**WORK ORDER**
Print the lines of the listing below verbatim from its first line through the line bearing "Le panneau solaire". Any pictures are to be omitted.

**INPUT DATA**

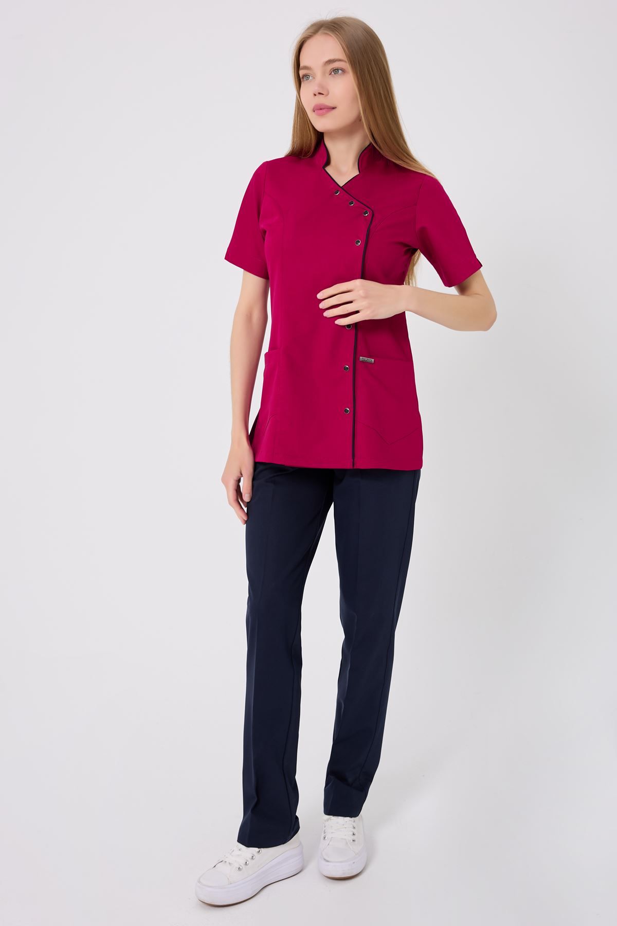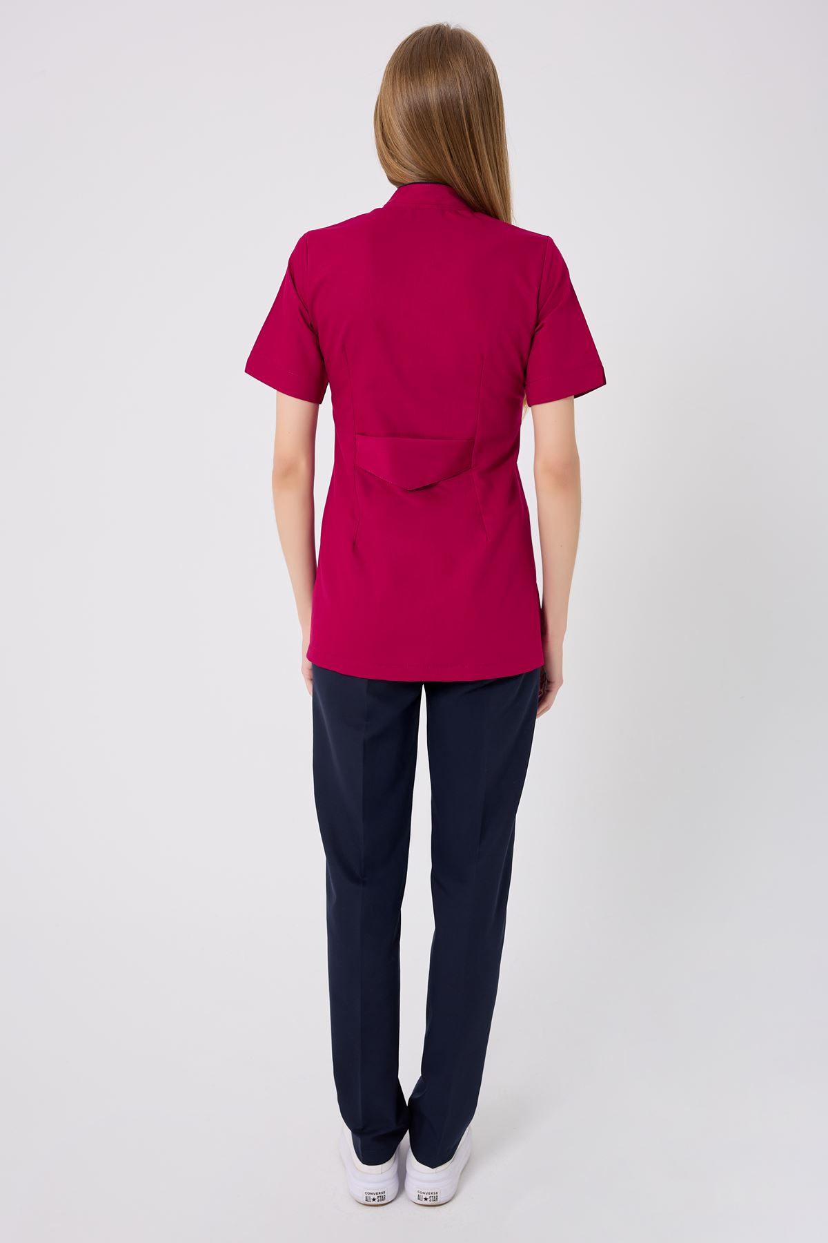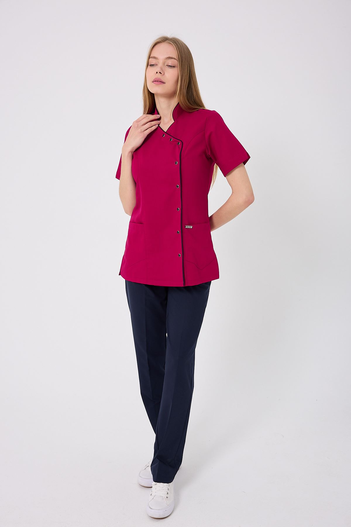 Likralı viskon karışımı esnek, hafif ve rahattır. Fuşya ton steril bir görünüm sağlar. Uzun vadede formu bozulmaz. Klinik ortamlarında güvenle tercih edilir.
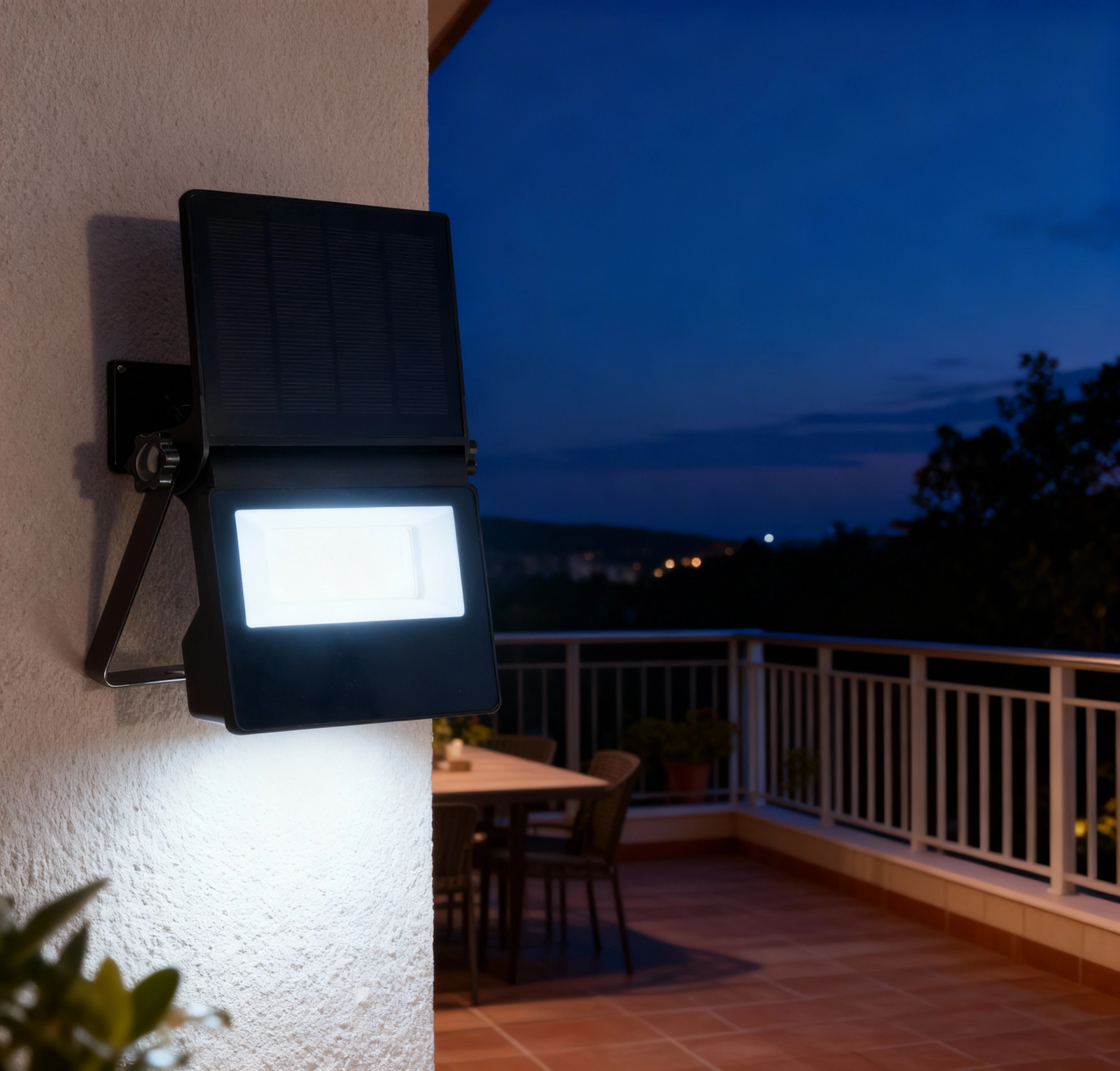 Le panneau solaire 5 V / 1,8 W recharge la batterie 1500 mAh en 7–8 heures. L’indice IP44 garantit un fonctionnement fiable en extérieur.
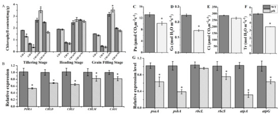 Photosynthetic pigment contents, photosynthetic parameters and the expression of relative genes between the WT and the pl6 mutant. (A) Pigment contents in leaves at the tillering and heading, grain filling stage; (B) The expression prototype of pigment metabolism genes at the late tillering stage; (C) Photosynthetic rate (Pn); (D) Stomatal conductance (Gs); (E) Intercellular CO2 concentration (Ci) and (F) transpiration rate (Tr); (G) Expression analysis of genes associated with photosynthesis. Asterisks indicate the statistical significance levels according to Tukey’s test: * p < 0.05. All values represent the mean ± SD of three replicates.
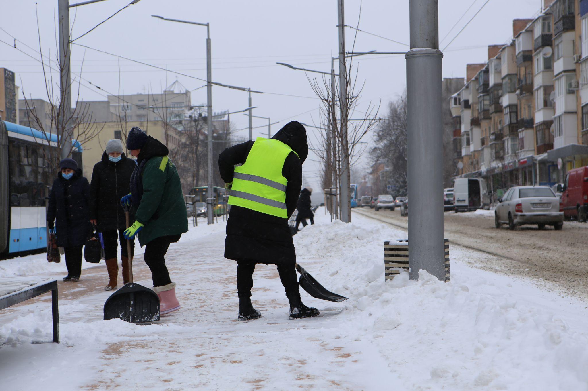 Крім того, для прибирання снігу та посипання протиожеледною сумішшю доріг, тротуарів та зупинок громадського транспорту мобілізували близько трьохсот двірників.
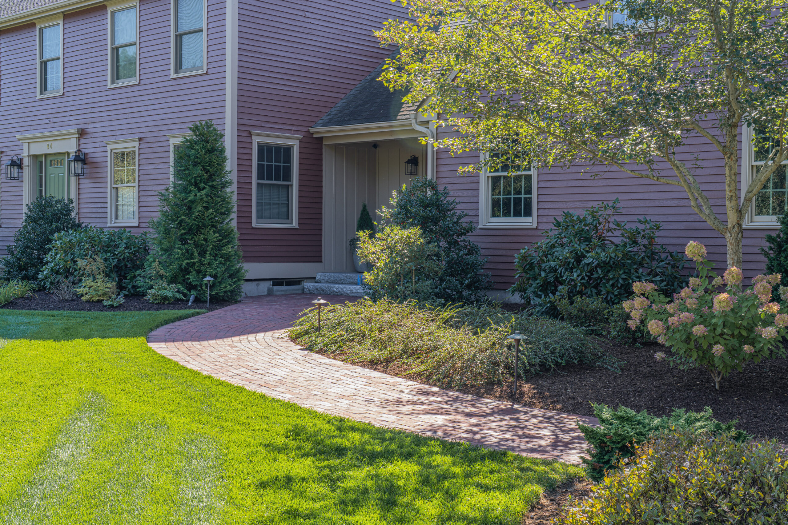 A total overhaul of our front landscaping was just completed by DJ Salmon Lawn and Landscape, Inc., and it is simply beautiful. The job involved the removal of decades-old shrubs, an unused sidewalk, an old lamp post, and replacement of a corner fence. A new granite lamp post was installed, more appropriate shrubs were planted along with a number of perennials, beds were reshaped, and a new lawn seeded. The very professional crew accomplished all of this in two days, and we couldn’t be more pleased. DJ met with us both prior to and during the work phase to provide information, answer questions, and give us tips for ongoing care. We felt the price was reasonable and working with DJ Salmon was a very positive experience!
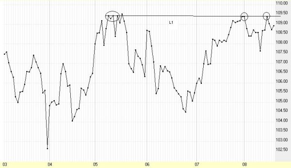 從美元兌日圓的聚焦點線圖看,頂部共有六個聚焦點落在109.45這個價位,形成聚焦點平台L1(圖一)。這聚焦點平台是一個很強的阻力,每次美元升至此位,沽壓即湧現推低價位,因此可以預期109.45在將來亦發揮阻力作用。然而,美元一旦升破此位,上升趨勢將會出現。需要留意的是,筆者所講的升破阻力位,並非指當日的某一價位,而要聚焦點也在此阻力位之上才算。
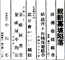 この報を受けて県内各地では11日から様々な祝賀行事が行われた。支那事変もこれで一段落かと思わせたが、戦後処理を誤り、戦闘は続き
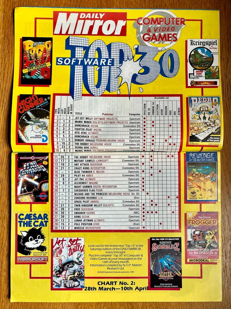 Next up are the movers and shakers in April 1984’s Software Top 30, sponsored by the Daily Mirror newspaper! Before we get to the games though, this recently introduced format, covering all systems at once, does give an interesting snapshot of the changing landscape of both what’s hot and what’s available where. The ZX Spectrum still dominates but the Commodore 64 has gone from only recently getting any chart coverage whatsoever to being represented by around half the top thirty, although you’re into the bottom half by the time we see Mutant Camels and a couple of other exclusives. Diminishing returns for the VIC-20, Electron, Atari, Dragon, Oric, BBC and Atmos though, which brings back painful memories of seeing this increasingly reflected on the game shop shelves I used to visit every Saturday afternoon! Jet Set Willy straight in at number one though, followed by Manic Miner and Hunchback. Not sure why The Hobbit wasn’t combined but looks like that would still have been flying high for the umpteenth month on the bounce had it been too. We’re seeing all the big 8-bit players starting to take hold though – Ultimate, Ocean, Imagine, Melbourne House and so on – and I also noted a new entry for Blue Thunder by R. Wilcox, who would shortly go on to rebadge himself as another household name of the era, Elite Systems!
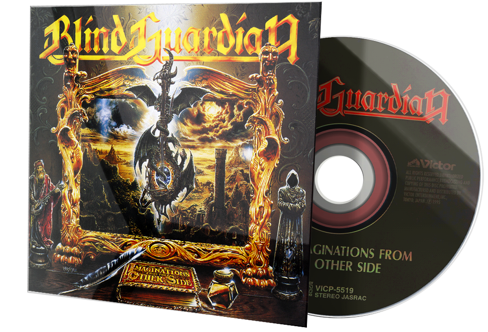Imaginations from the Other Side is the fifth studio album by Blind Guardian that was released in 1995. The atmosphere of this album is darker in comparison to their earlier works, such as Battalions of Fear, which had a relatively light tone. This album also marks the first since their debut in which Kai Hansen (Gamma Ray) did not guest on vocals or guitar, and the last album to feature vocalist-bassist Hansi Kürsch as bassist. It was also their first album to spawn off any singles, in form of "A Past and Future Secret" and "Bright Eyes". It was remastered and re-released on 15 June 2007, with bonus tracks and videos.

**SOLUTION TO THE EXERCISE**
 Likralı viskon karışımı esnek, hafif ve rahattır. Fuşya ton steril bir görünüm sağlar. Uzun vadede formu bozulmaz. Klinik ortamlarında güvenle tercih edilir.
 Le panneau solaire 5 V / 1,8 W recharge la batterie 1500 mAh en 7–8 heures. L’indice IP44 garantit un fonctionnement fiable en extérieur.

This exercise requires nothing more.